Studio album by Mutemath
- Released: August 5, 2009
- Recorded: New Orleans, Louisiana
- Genre: Alternative rock, post-rock
- Length: 48:58
- Label: Teleprompt Records Warner Bros. Records Warner Music Japan Megaphon Germany
- Producer: Mutemath, Dennis Herring

Mutemath chronology
| Spotlight EP (2009) | Armistice (2009) | Armistice Live (2010) |

Singles from Armistice
- "Spotlight" Released: February 10, 2009; "The Nerve" Released: June 2009; "Backfire" Released: September 2009;

= Armistice (album) =

Armistice is the second full-length album by Mutemath, released in Japan on August 5, 2009 and in the US on August 18.

Professional ratings
Aggregate scores
| Source | Rating |
| Metacritic | 70/100 |
Review scores
| Source | Rating |
| Allmusic |  |
| Alternative Press |  |
| Paste | 4.6/10 |
| PopMatters |  |

==Recording==
During the recording of the album, short videos have been posted to the band's YouTube profile. These videos document the work going on in the studio, including street interviews where New Orleans locals are shown samples of the album (which cannot be heard in the video), recording their reactions. Any clips of actual music from the new album are presented in such a way that they only hint at what the album will eventually sound like.

==History==
On April 4, 2008, Goodwin Films announced they were working on a documentary film about the making of Mutemath's new record. No further details have been announced regarding the release of the film.

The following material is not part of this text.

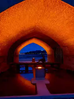 The Si-o-se-pol Bridge and Khaju Bridge span the not-so-wide Zayandeh River. At night, it's lively with locals singing and dancing. Unfortunately, the riverbed was dry when I visited, so I couldn't capture the reflection of the bridge arches in the water.

On August 2, 2008, in an interview with The Morning Call, band member Paul Meany spoke about the new record. "We want to keep it in the oven and make sure things are ready to go," says Meany. "Anyone who thinks first album is perfect will hate this [new] record. If you heard the first record and liked some stuff about it [but] think things could improve, you may like it. It's important for us to change up the formula. We thought we were writing [the new album] for the last 2½ years on the road, but found out we weren't. We just started three months ago."

On January 14, 2009, Darren King said in an interview that after a break for the holidays, they would "get back to recording in hopes of having everything done in March so that the album can come out in August. It has taken way longer than we would have ever imagined but we’re just not done with it yet." Additionally, he mentioned that the album was Mutemath's first album which involved collaboration among all four members of the band.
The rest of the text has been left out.